Я осмелился высказать одно предположение:

– Возможно, ему удалось выйти вместе с матрасом! Может, в самом матрасе… Тут всякое можно думать – такая загадка! Господин Станжерсон и сторож были так взволнованы, что могли не заметить двойного веса, который несли… А представьте себе, если сторож сообщник!.. Понимаю, что это не бог весть какая гипотеза, но она многое объяснила бы… В частности, и тот факт, что ни в лаборатории, ни в прихожей не было следов, которые остались в комнате. Когда мадемуазель переносили из лаборатории в замок, матрас на минутку могли оставить у окна, это и позволило ему бежать…

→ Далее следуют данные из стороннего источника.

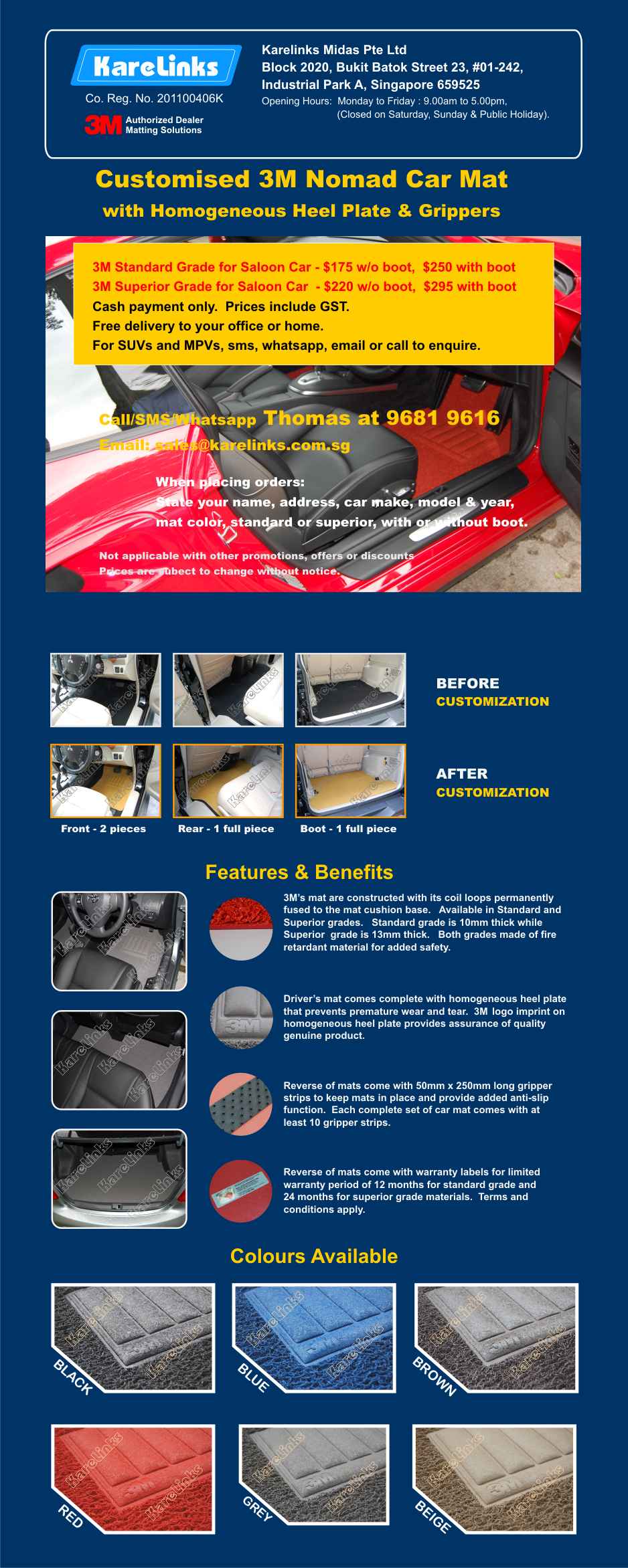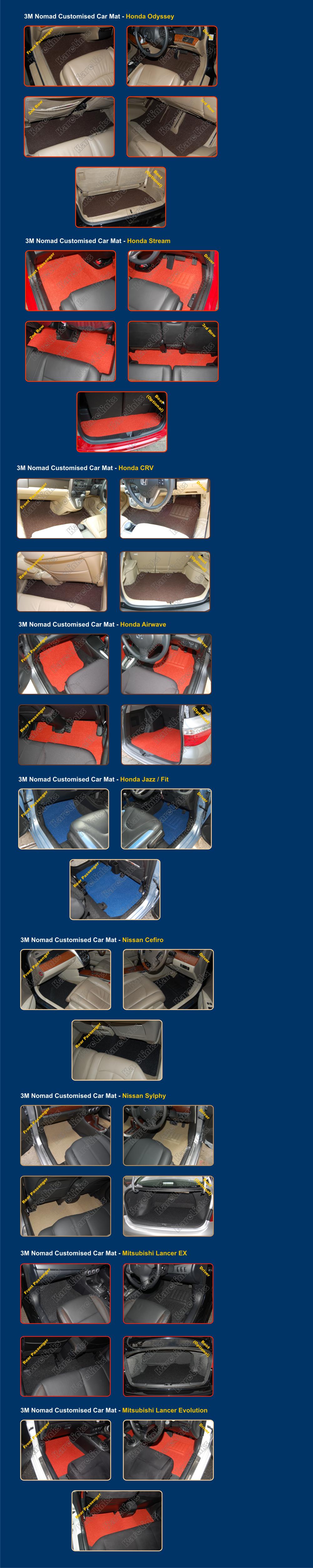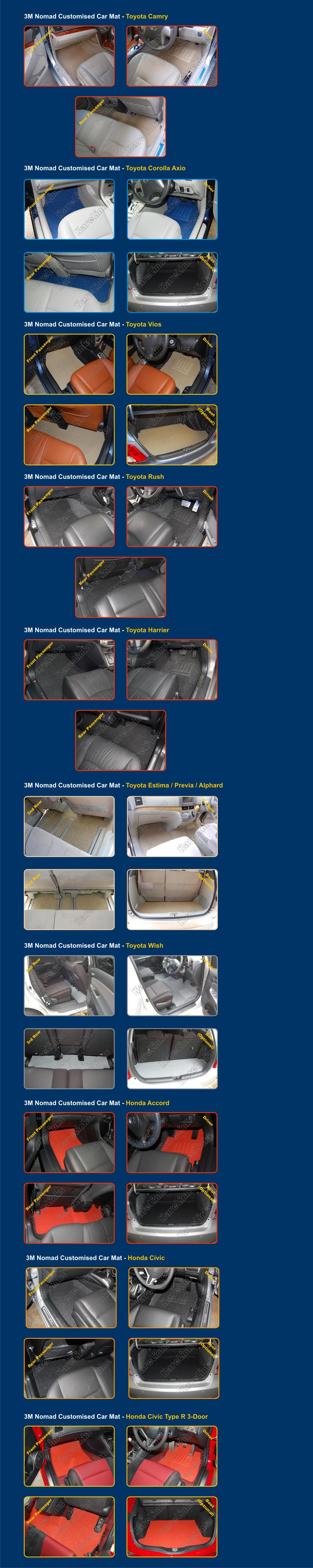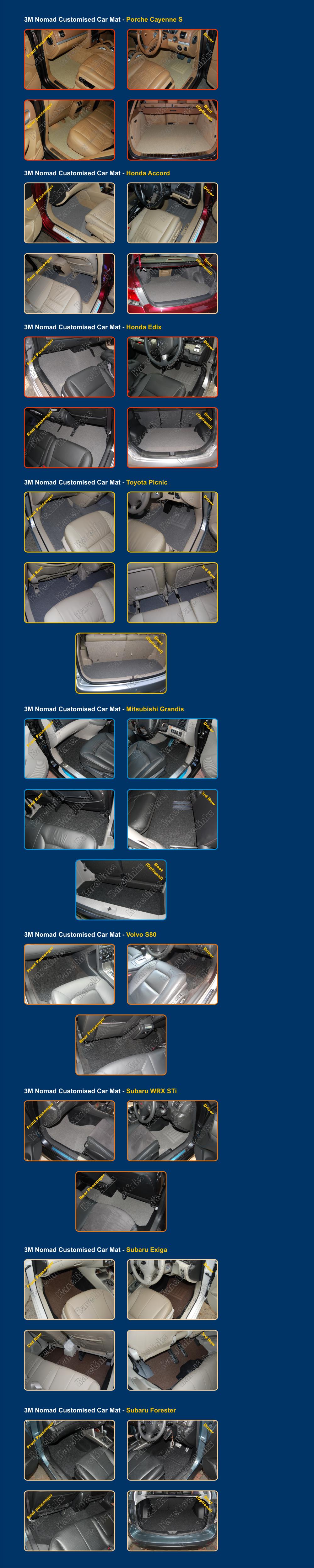 We customise 3M Nomad car mats with homogeneous heel plate and grippers for Alfa Romeo, Audi, BMW, Chery, Chevrolet, Chrysler, Citroen, Daihatsu, Dodge, Ferrari, Fiat, Ford, Honda, Hyundai, Jaguar, Kia, Lamborghini, Lexus, Lotus, Maserati, Mazda, Mercedes-Benz, Mini, Mitsubishi, Nissan, Opel, Perodua, Peugeot, Porsche, Proton, Renault, Rolls-Royce, SAAB, Ssyangyong, Subaru, Suzuki, Toyota, Volkswagen VW, Volvo, etc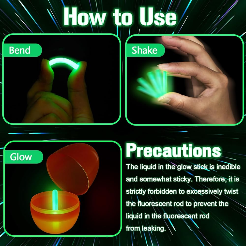 Warm Note: the liquid inside the glow sticks multicolor bulk is not edible and has a certain degree of adhesion, if leaked, it is easy to contaminate furniture, floors, clothing and skin, If the above situations occur, it is necessary to clean them in a timely manner; If the liquid enters the eyes, rinse with water or seek medical attention in a timely manner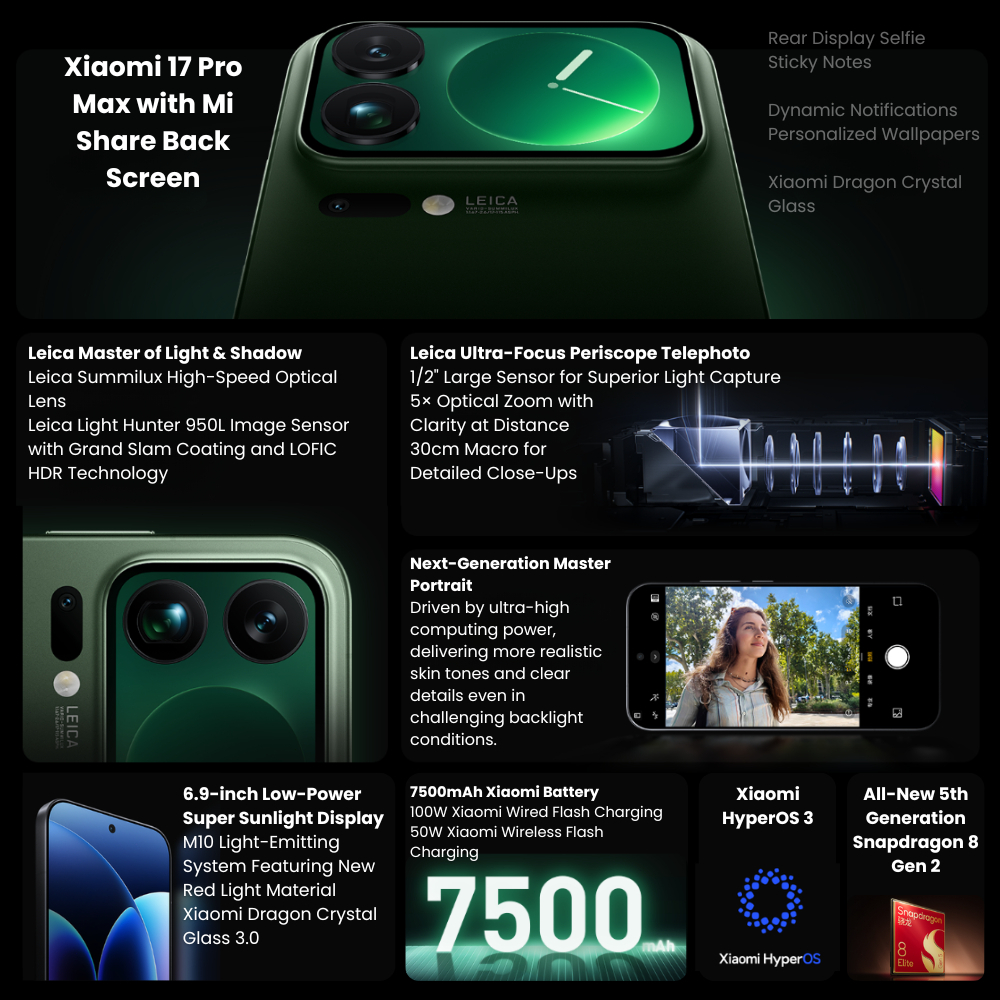 Xiaomi 17 Pro Max Snapdragon 8 Elite Gen 5 6.9" LTPO AMOLED 120Hz 7500mAh 100W Xiaomi HyperOS 3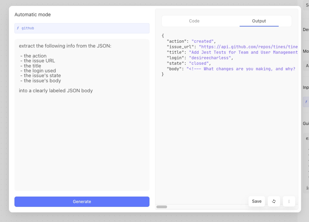 You can modify the prompt or the input and regenerate the script as many times as you want. When you're certain that the script will handle all of your use cases, you can click Save to lock the generated script in place. Any subsequent events that are passed into the automatic Event Transform Action will be transformed by this script.

– Ну а больше-то ничего не придумали? Неужели ничего? Совсем ничего? – заливался под кроватью смехом Рультабий.

Я немного обиделся:

– В самом деле, я просто не знаю… Тут всякое можно предположить…

– Судебный следователь тоже так думал, сударь, – заметил папаша Жак, – и велел основательно исследовать матрас. Ему самому пришлось посмеяться над своей идеей, вот как сейчас смеется ваш друг, потому что ведь в матрасе-то никакого двойного дна нет!.. Да что говорить, если бы в матрасе был человек, мы бы его увидели!..

Тут я тоже решил над собой посмеяться, хотя только потом уже понял, какую нелепую вещь я сказал. Но где начало и где конец нелепости в таком деле?

Пожалуй, один только мой друг способен был ответить на этот вопрос, да и то!..

– Послушайте! – воскликнул репортер, все еще ползая под кроватью. – Этот коврик хорошо потрясли?

– Мы сами его отворачивали, сударь, – объяснил папаша Жак. – Когда мы не нашли убийцу, мы подумали, а нет ли дыры в полу…

– Дыры нет, – ответил Рультабий. – А погреба?

– Нет, погреба тоже нет… Но это не остановило нас, мы все равно продолжали искать, а судебный следователь и, в особенности, его секретарь исследовали пол доску за доской, словно искали под ними подвал…

Тут репортер вылез из-под кровати. Глаза его блестели, ноздри вздрагивали, он был похож на молодого зверя, вернувшегося с удачной охоты… И что самое смешное – он так и остался стоять на четвереньках. Поистине я не мог найти для него лучшего сравнения: великолепный хищник, который идет по следу необыкновенной дичи… А он и в самом деле как будто принюхивался к следам человека, того самого человека, которого поклялся заполучить для своего хозяина, господина директора «Эпок», ибо не следует забывать, что наш Жозеф Рультабий был журналистом!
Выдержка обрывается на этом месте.